Un habitant de Fallouja contacté par téléphone a affirmé à l'AFP qu'un vent de panique se propageait parmi les combattants de l'EI, soupçonnés d'utiliser les civils, dont de jeunes garçons, comme bouclier humain.

Mais pour David Witty, un colonel des forces spéciales américaines à la retraite, la résistance des jihadistes à Fallouja sera encore plus féroce qu'elle ne l'a été dans d'autres batailles.

"Après tout, cet endroit a été le symbole depuis 2004 de la résistance sunnite aux Américains et au gouvernement de Bagdad" dirigé par des chiites depuis la chute de Saddam Hussein en 2003.

"Si l'EI n'est pas capable de garder (Fallouja), cela représenterait un sérieux revers psychologique pour l'organisation", a estimé M. Witty, également ancien conseiller pour le CTS.

En novembre 2004, l'offensive des Etats-Unis pour reprendre Fallouja, considérée alors comme le principal bastion d'Al-Qaïda en Irak, s'était transformée en la bataille la plus meurtrière pour l'armée américaine depuis la guerre du Vietnam.

Il avait fallu plus de 10.000 soldats américains et des armes de la plus haute technologie pour reprendre le dessus au bout de six semaines.

Alors que l'EI a perdu des zones autour de Fallouja et ailleurs dans la province d'Al-Anbar au cours des dernières semaines, certains jihadistes se sont regroupés dans leur bastion.

Yahya Rassoul, porte-parole du commandement des opérations conjointes chargé de la lutte contre l'EI, ne croit pas que les jihadistes veulent ou sont capables d'un acte héroïque cette fois.

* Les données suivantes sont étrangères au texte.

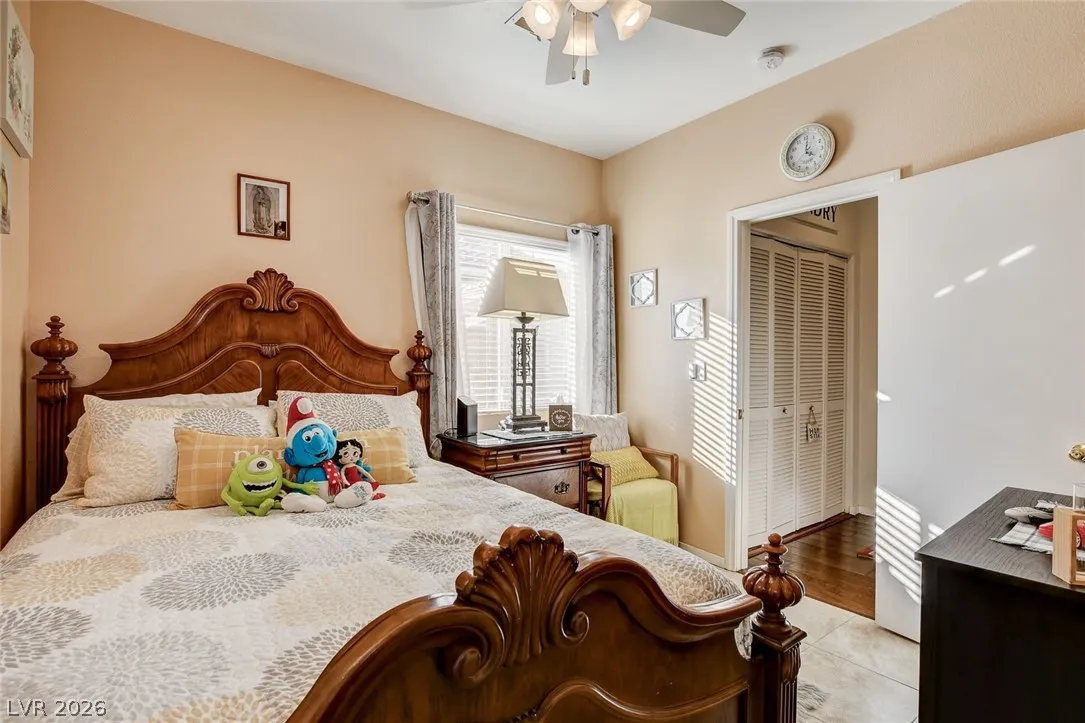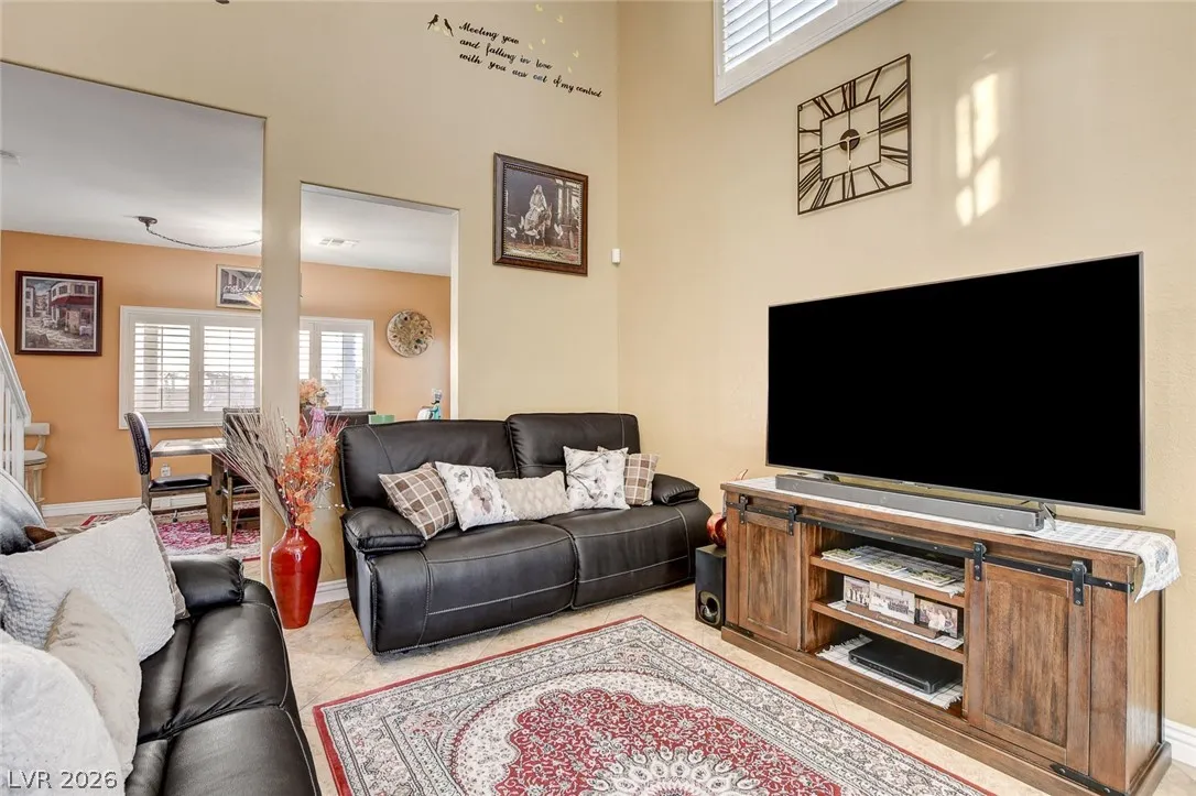 Welcome to the Stone Cliff community in northwest Las Vegas! This well maintained corner lot home offers a spacious layout with high ceilings, natural light, and mountain views! This home features tile and wood flooring throughout with no carpet! Kitchen includes granite countertops, double ovens, ample cabinetry, and generous counter space, ideal for everyday living and entertaining. Upstairs, the primary suite offers a walk in closet and a bathroom with dual sinks, granite counters, and a separate glass enclosed shower with custom tile. AC unit was installed two years ago. Step outside to a covered patio and landscaped backyard with pavers, grass, and fruit trees, including lemon, peach, and mandarin, perfect for relaxing or entertaining. Located in the gated Stone Cliff community with amenities including a pool and park, and convenient access to the 215 Beltway, shopping, dining, and nearby Summerlin.

La présence d'environ 50.000 civils dans la ville pourrait également prolonger la bataille, a-t-il ajouté.

"Daech n'est pas vraiment fort", a-t-il affirmé à l'AFP, utilisant l'acronyme en arabe de l'EI. "Leur moral est au plus bas et notre priorité au sein des forces armées est de préserver la vie des civils et l'infrastructure de la ville".